_Task goal_.
Could you restate the data word for word and drop the pictures?

_Available data_.
***

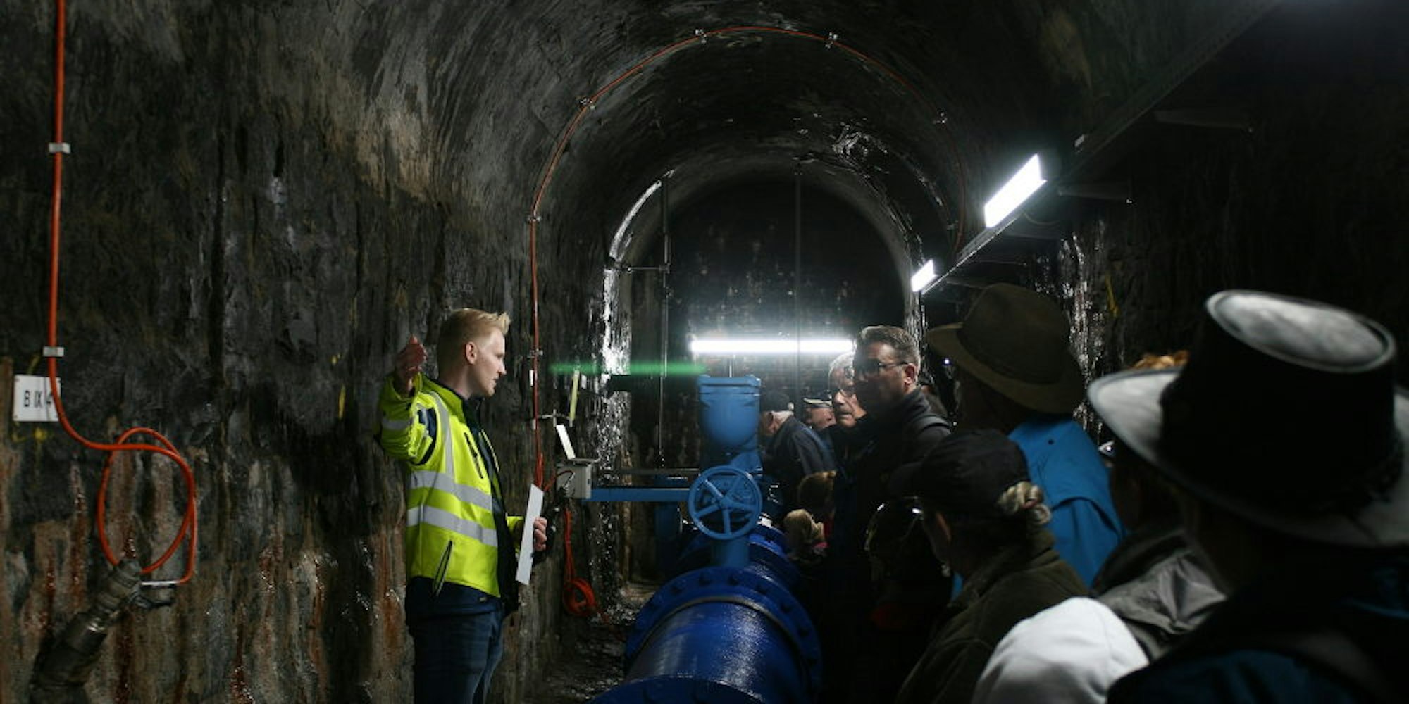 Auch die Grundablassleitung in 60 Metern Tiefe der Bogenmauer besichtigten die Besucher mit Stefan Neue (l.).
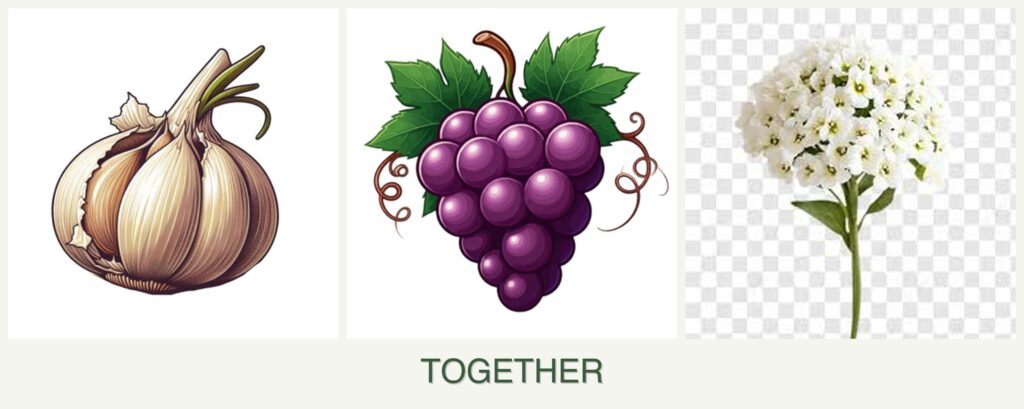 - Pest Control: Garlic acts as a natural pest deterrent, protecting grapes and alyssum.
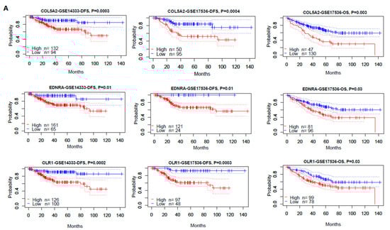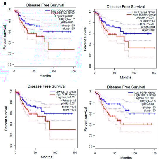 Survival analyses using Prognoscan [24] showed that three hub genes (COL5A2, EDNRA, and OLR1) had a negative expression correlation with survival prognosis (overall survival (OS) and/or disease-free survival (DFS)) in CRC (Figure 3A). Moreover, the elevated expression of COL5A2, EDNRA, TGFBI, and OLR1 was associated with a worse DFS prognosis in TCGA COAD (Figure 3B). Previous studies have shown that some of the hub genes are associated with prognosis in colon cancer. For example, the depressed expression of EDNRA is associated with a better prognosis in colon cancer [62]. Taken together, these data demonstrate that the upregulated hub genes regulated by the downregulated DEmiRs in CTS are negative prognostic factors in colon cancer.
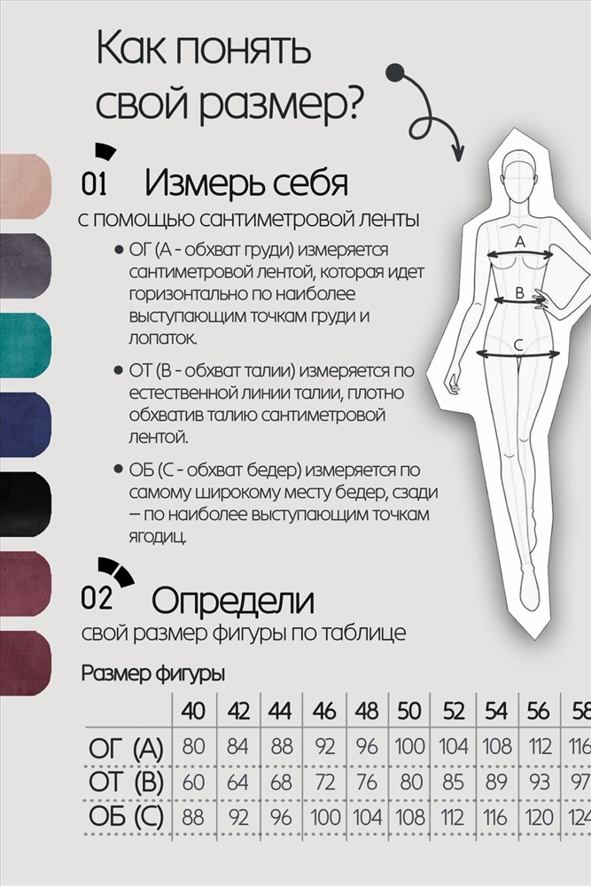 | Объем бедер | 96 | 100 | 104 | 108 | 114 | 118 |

***

_Answer to the exercise_.
 Auch die Grundablassleitung in 60 Metern Tiefe der Bogenmauer besichtigten die Besucher mit Stefan Neue (l.).
 - Pest Control: Garlic acts as a natural pest deterrent, protecting grapes and alyssum.
 Survival analyses using Prognoscan [24] showed that three hub genes (COL5A2, EDNRA, and OLR1) had a negative expression correlation with survival prognosis (overall survival (OS) and/or disease-free survival (DFS)) in CRC (Figure 3A). Moreover, the elevated expression of COL5A2, EDNRA, TGFBI, and OLR1 was associated with a worse DFS prognosis in TCGA COAD (Figure 3B). Previous studies have shown that some of the hub genes are associated with prognosis in colon cancer. For example, the depressed expression of EDNRA is associated with a better prognosis in colon cancer [62]. Taken together, these data demonstrate that the upregulated hub genes regulated by the downregulated DEmiRs in CTS are negative prognostic factors in colon cancer.
 | Объем бедер | 96 | 100 | 104 | 108 | 114 | 118 |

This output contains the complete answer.